▸ Work item:
Use the entries below and reproduce exactly the lines from the one containing "Elegancka, pełna szyku, midi" down to the one containing "Fototapeta premium Various", both of them included.

▸ Source information:
§ §
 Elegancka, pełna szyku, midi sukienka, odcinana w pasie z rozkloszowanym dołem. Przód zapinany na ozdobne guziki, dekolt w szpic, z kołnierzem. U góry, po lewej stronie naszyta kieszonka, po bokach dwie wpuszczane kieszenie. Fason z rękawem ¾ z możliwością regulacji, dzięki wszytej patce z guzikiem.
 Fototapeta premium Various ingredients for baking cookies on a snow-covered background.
§ §
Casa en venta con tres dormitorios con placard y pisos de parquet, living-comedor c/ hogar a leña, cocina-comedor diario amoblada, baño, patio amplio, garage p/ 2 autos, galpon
§ §
▸ Final answer:
 Elegancka, pełna szyku, midi sukienka, odcinana w pasie z rozkloszowanym dołem. Przód zapinany na ozdobne guziki, dekolt w szpic, z kołnierzem. U góry, po lewej stronie naszyta kieszonka, po bokach dwie wpuszczane kieszenie. Fason z rękawem ¾ z możliwością regulacji, dzięki wszytej patce z guzikiem.
 Fototapeta premium Various ingredients for baking cookies on a snow-covered background.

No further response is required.